From the opposite kitchen an old lady is running to and fro fetching and delivering (she has strips hanging everywhere all the way from her shoulders down to her little finger) 40 cm long and 3 cm wide and very thin strips of a dough made by a special team in the kitchen.
Every woman by each kettle has a small stick which has been split at one end so it looks like an Y but narrower. They put one end of the strip in the opening of the Y and then they dip it down into the very hot olive oil and then slowly start to role it and to make it into a round kerotigana. It looks very easy but you have to know how to do it not to drop the dough in the oil or to burn it. When they are ready, they are put on tables in a special room to dry. We are told that so far 1.500 has been made but there are still 1,500 to make. Can you believe it, 3.000 biscuits……….and that is only the biscuits. Are there no limits for these people?
I am using my cameras a lot and we are really enjoying ourselves and so are my lovely models. They don't mind if a tooth is missing or if one sock is down or if the petticoat is shown.

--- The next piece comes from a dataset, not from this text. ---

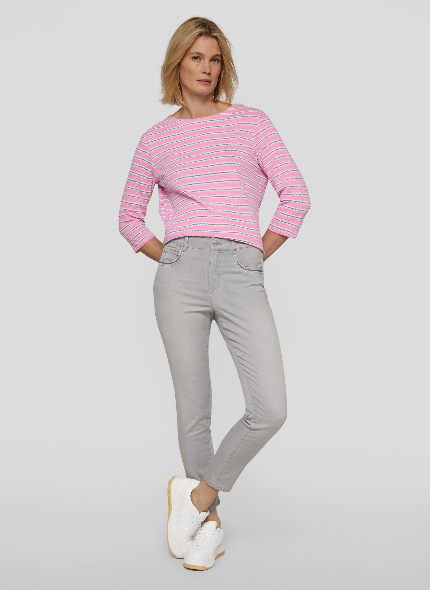 Dieses Shirt begeistert mit einer fein strukturierten Oberfläche und klassischen Ringeln. Der angenehme Materialmix sorgt für ein weiches Tragegefühl, Formstabilität und eine schöne Leichtigkeit. Der 3/4-Arm und der schlichte Rundhalsausschnitt unterstreichen den zeitlosen Charakter. Ein vielseitiger Begleiter für gepflegte Casual-Looks. Strukturierte Oberfläche. Klassisches Ringeldesign. 3/4-Ärmel. Rundhalsausschnitt. Angenehmer Materialmix.

They smile with their heart, with hospitality and of joy. You just have to surrender and love them. The hours have passed very fast and we have to leave the nice company. We have promised to come back with the photos and to come to the wedding on Saturday of course.

On our way back to the car we enter the kafenion/shop again in order to buy some wine and also some honey. The room for the shop is identical to the room for the kafenion but here you find everything from toothpicks to sacks of food for the goats.

 

 

 From floor to roof, along the walls, hanging from the roof yes every inch is occupied with goods. The smell is a mixture of everything. It's a pity you cannot poor it into a bottle and use it as an after shave or an eau-de-cologne. We have to buy some bread from the bakery before we leave Topolia behind us.
It looked a little sad in the beginning of the day with all those deserted houses but you never know, suddenly everything might change and it did and really continued with joy and a lot of fun. I wonder though why the ladies were laughing and giggling like small girls all the time. Was it something special in those cookies maybe? When we got back to Chania we asked Eleni and she told; yes you have to add some tsikoudia (raki) to the dough to make it the right way. So that's why! I think they tested and tasted the tsikoudia very thoroughly before they poured it into the dough. Anyway they were worth it and they still have more xerotiganas to make tomorrow.


Avrio tha exoume mia kali mera. Tomorrow we will have a nice day.

They smile with their hearts, with hospitality and of joy. You just have to surrender and love  them.